I'll draw yer a chicken...

by Geoff Collins

"Northern comedy" - particularly the older, dustier kind as typified by John E. Blakeley's Mancunian films - can be virtually incomprehensible to those of us in the southern half of England. So I may be wasting my time in trying to explain to our readers in America the wayward genius of Frank Randle. Born in Wigan, and for many years the uncrowned king of Blackpool seaside entertainment, Randle is still revered in his native Lancashire; and indeed a Blue Plaque has recently been unveiled on Blackpool's North Pier to mark the fiftieth anniversary of his death (on July 7, 2007; details and pictures are on the superb Mancunian/Randle site). He's also the subject of a new biography, Wired To the Moon, by Philip Martin Williams and David L. Williams, the title being Bob Monkhouse's apt description of Randle's apparent mental condition. In short, Randle was a genuine lunatic, a man of immense contradictions, prone to the most drastic and sudden mood swings you'll ever encounter. Ordinarily kind and generous, he could change in an instant into a full-on demento mad-arse, smashing up dressing rooms and scenery, setting fire to hotel rooms where he'd received bad service, and shooting at his co-stars with items from his huge collection of illegal firearms. A nutter.
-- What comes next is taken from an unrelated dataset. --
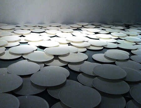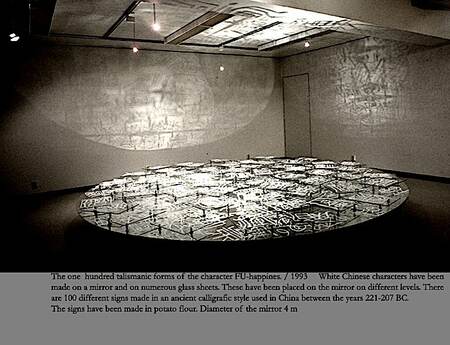 My art is space-specific. I’m often assembling my installations to fill several rooms, so that the subject matter can be sensed through the connotations of the combined materials, form, and thought. Some of the materials I use have a transient character, like water, breeze, light, grease, and pigment powders. But also stones, steel, glass and other reflecting materials are often parts of the installations. I prefer to create installations in which beauty combines with austerity, meaning and thought.

Stories of Randle's deranged escapades abound, although the new biography adeptly separates fact from legend (his genuine wish to bombard Accrington with toilet rolls, because the locals had shunned the local Hippodrome he'd lovingly restored for their entertainment, was thwarted because the pilot wouldn't divert from his scheduled flight path). Wired To the Moon is a provincial job, full of typos, spelling mistakes and misplaced apostrophes, but it's a truly worthy effort, highly entertaining and thoroughly researched, unlike the 1978 bio King Twist by Jeff Nuttall. Distressingly un-factual - Nuttall spent much time interviewing old Northern bores with long-term memory loss - this earlier job wanders inaccurately all over the place in a would-be picaresque attempt to catch the essence of Randle's nature. His "essence" is obvious - he was mad - so we end up with the legend of Frank Randle instead of the man himself.
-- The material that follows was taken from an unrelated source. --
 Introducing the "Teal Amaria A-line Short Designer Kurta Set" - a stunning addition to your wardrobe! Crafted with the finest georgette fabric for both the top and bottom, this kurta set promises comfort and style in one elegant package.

Randle made ten movies and a couple of short items cobbled together from out-takes and deleted scenes. Thanks to the efforts of the North-West Film Archive and various collectors, most of this material still exists, although often in scratchy, shortened reissue prints with poor sound. In some cases, shortening actually improves the films. Randle's movies are notoriously pointless, meandering things, around one hour fifty; the elimination of some gruesome musical numbers may be a blow for social history, but it leaves us with faster, sharper comedies. With a couple of exceptions, Randle's pictures were made by Northern producer/director John E. Blakeley, and the final four were actually made in Blakeley's Manchester "studio", a converted church. All were designed to appeal to Randle's canny but undiscerning working-class audiences. Blakeley was no Hitchcock: there's usually an excruciating attempt at a boy-girl sub-plot (involving far-too-well-spoken London stage juveniles), punctuated (thank God) by adaptations of Randle's stage sketches. Long unbroken takes, minimal editing.... forget Film Technique, and enjoy Randle and his stooges in action.

Two of Randle's Manchester productions have recently been released on DVD by Odeon Entertainment. Holiday's [sic] With Pay is the chopped-up reissue version (Tessie O'Shea tunes up her banjulele in the dressing room, all to no avail; both her songs are missing!) and it chronicles the adventures of working-class dad Jack Rogers (Randle) and his large family on their annual holiday to Blackpool. The scenes of Randle and co-star Dan Young mingling with holidaymakers on the pier and around the swimming pool, are quite genuine; they have a documentary quality, priceless little "newsreel" shots of a King enjoying himself with his adoring subjects.

Dan Young? Billed on the film's titles as "The Great Dude Comedian", he's a forgotten star. Short, squat, with a monocle (!) and black glossy centre-parted hair, he was a cheerful giggly silly-arse with the barest hint of a Northern accent, not that you can make out much of what he's on about anyway; he turns inarticulacy into an art form. Frequently in the supporting casts of Blakeley comedies, he deserved better. In Holiday's With Pay, he shines (and so does his hair) in the haunted-house sequence, with beautifully-timed delayed reactions to the spookiness he encounters; it's a master-class in minimalist, throwaway double-takes.

Blackpool? This once-glorious Northern resort never looked more appealing. What's it like now? Take a look at Funny Bones, that loving tribute to all aspects of Jerry Lewis, past and present.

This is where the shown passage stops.